(Assignment)
From the line containing "Developed using 3D" through the last line of the data, both ends included, write out every line exactly; omit the pictures.

(Given data)
- - - - - - -
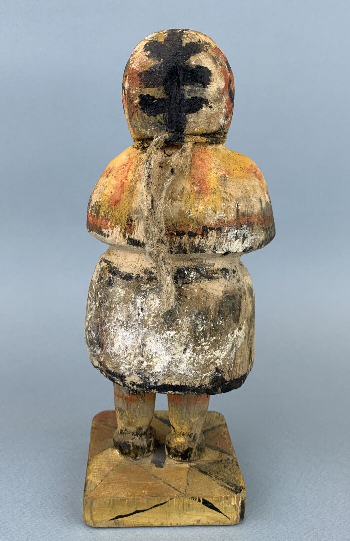 Le fait que le motif soit encore présent bien que modifié tend à confirmer une production ne dépassant pas l’immédiat après guerre. le kilt, blanc est paré d’une écharpe latérale ornée de triangles de couleurs. Le personnage porte généralement une cape sur les épaule, ce qui explique l’absence de bras. Ce kachina a été décrit par Fawkes en 1903.
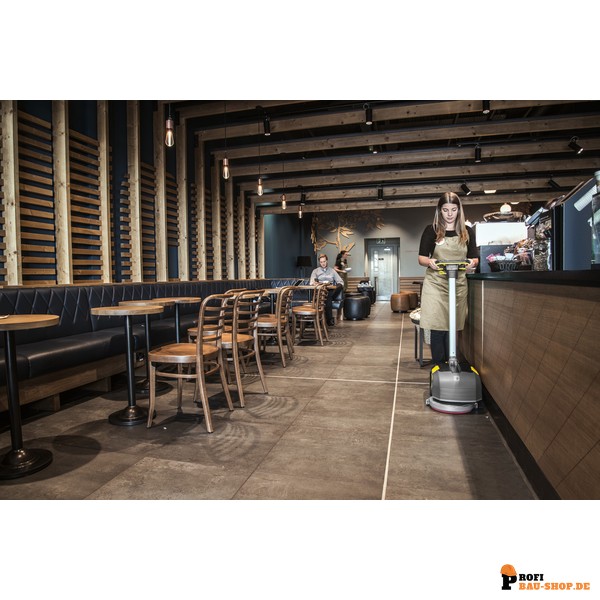 Entdecken Sie die Kärcher BD 30/4 C Bp Pack Li, eine revolutionäre, batteriebetriebene Scheuersaugmaschine, die speziell für die schnelle und effiziente Reinigung von Kleinflächen bis zu 300 m² konzipiert wurde. Mit ihrem ultrakompakten Design und einem geringen Gewicht von nur 20 kg bietet sie maximale Flexibilität und ist frei von störenden Kabeln, wodurch Stolperfallen der Vergangenheit angehören. Ob auf Natur- oder Kunststein, Epoxidharz, Linoleum oder PVC – dieses Gerät reinigt und saugt deutlich schneller und gründlicher als herkömmliche manuelle Methoden. Dank des umlaufenden Saugbalkens und der Möglichkeit, auch rückwärts zu reinigen, liefert die BD 30/4 C Bp Pack Li bei allen Manövern stets zuverlässige Ergebnisse. Das durchdachte Bedienkonzept mit farbcodierten Elementen und der schnelle Wechsel der leistungsfähigen Lithium-Ionen-Batterie runden das Profil dieses leistungsstarken Reinigungshelfers ab, der auch in verschiedenen Stockwerken ohne Aufzug problemlos eingesetzt werden kann.
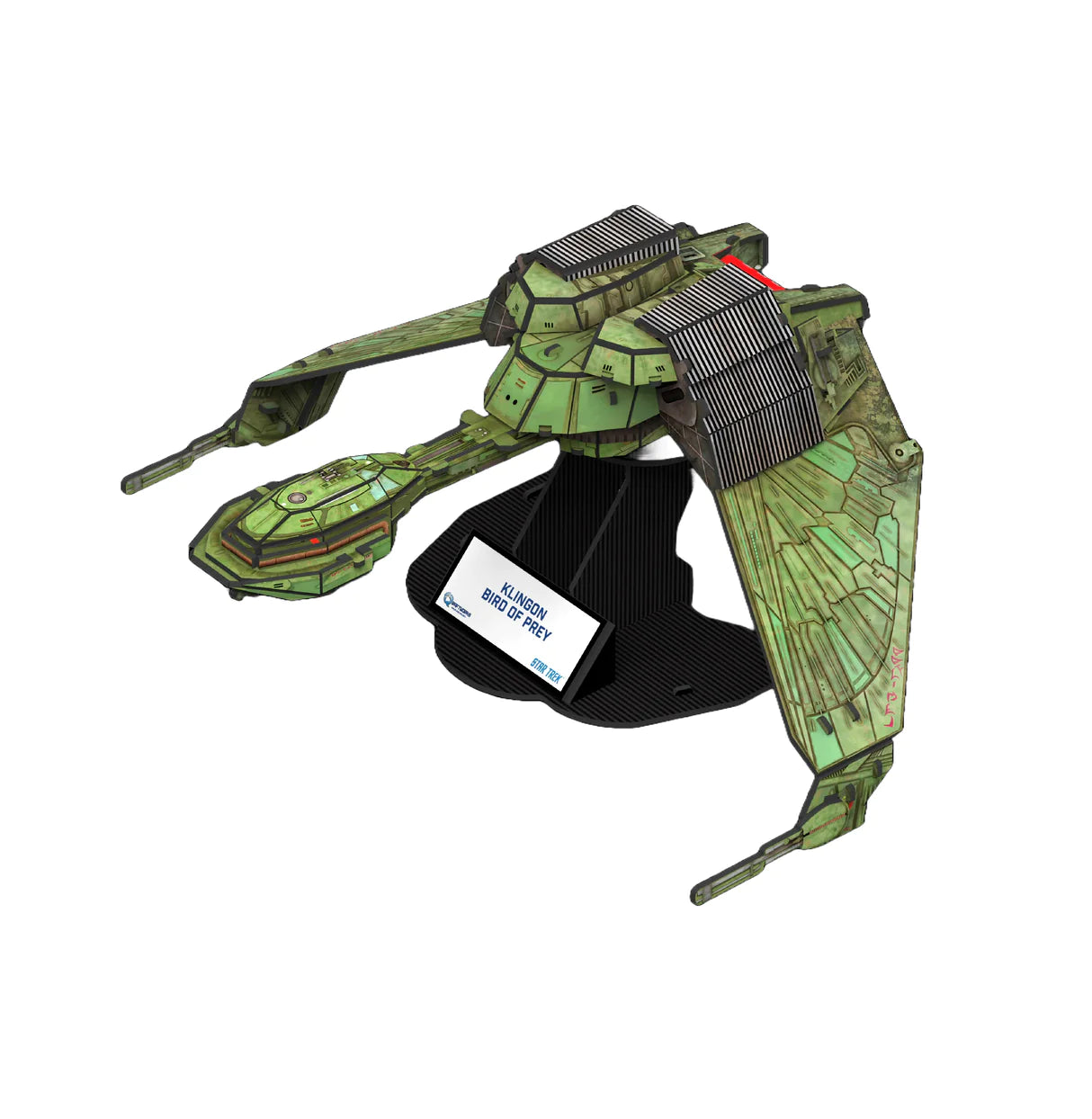 Developed using 3D models of Star Trek: Original Series starships, the Klingon Bird of Prey model kit consists of 65 parts that form a beautiful replica measuring exactly 11 inches long. The Klingon Bird of Prey also comes with a stand and dedication plaque, ready for display.
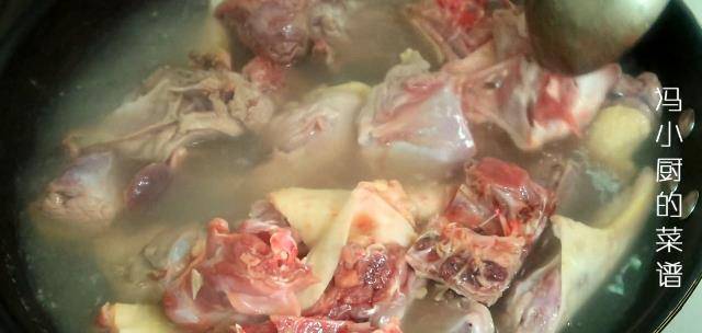 6.加入清水以沒過鴨肉為準,水必須一次性加滿(喜歡喝湯的可以多加一些),中途切忌加水,大火燒開後,再轉小火並蓋上鍋蓋,煮1-2個小時。
- - - - - - -
(Response area)
 Developed using 3D models of Star Trek: Original Series starships, the Klingon Bird of Prey model kit consists of 65 parts that form a beautiful replica measuring exactly 11 inches long. The Klingon Bird of Prey also comes with a stand and dedication plaque, ready for display.
 6.加入清水以沒過鴨肉為準,水必須一次性加滿(喜歡喝湯的可以多加一些),中途切忌加水,大火燒開後,再轉小火並蓋上鍋蓋,煮1-2個小時。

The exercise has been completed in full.